Skip to Content

Functions, Decorators & Lambdas

When to use

Name reusable behaviour; wrap with cross-cutting concerns; pass a small inline callback.

Analogy

A function is a recipe card; decorator is a laminator that adds ‘gluten-free’ or ‘spicy’ to the card; lambda is a sticky note for a one-liner.

Data-flow diagram

  @trace
  def add(a,b): return a+b

  becomes: add = trace(add)
  call add(2,3) -> wrapper prints CALL -> add(2,3) -> 5

Deep explanation

Functions are first-class: assignable, passable, returnable. Decorators wrap a function (stacking @a @b def f applies bottom-up). @functools.wraps(func) preserves __name__/__doc__ - always use it. Lambdas are restricted to one expression for throwaway callbacks.

Examples

Example 1

def greet(name):
    return f'Hello, {name}'
print(greet('Ada'))

simplest def; positional arg.

Example 2

import functools
def trace(func):
    @functools.wraps(func)
    def wrapper(*args, **kwargs):
        print(f'CALL {func.__name__}')
        return func(*args, **kwargs)
    return wrapper

@trace
def add(a, b): return a + b

decorator with *args, **kwargs; @functools.wraps keeps metadata.

Example 3

tickets = [('hi',1),('low',5),('med',3)]
print(sorted(tickets, key=lambda t: t[1]))
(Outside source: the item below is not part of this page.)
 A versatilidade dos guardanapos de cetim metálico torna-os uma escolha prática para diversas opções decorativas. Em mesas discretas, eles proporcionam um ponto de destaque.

lambda as standard key= callback.

Common mistake

Writing a decorator without @functools.wraps(func) - the wrapped function loses its __name__, breaking debuggers, Sentry fingerprinting, OpenAPI schemas. Always @wraps(func).

Key takeaway

Default to def; lambdas only for key=/value= callbacks; @functools.wraps on every decorator; prefer *args, **kwargs forwarding.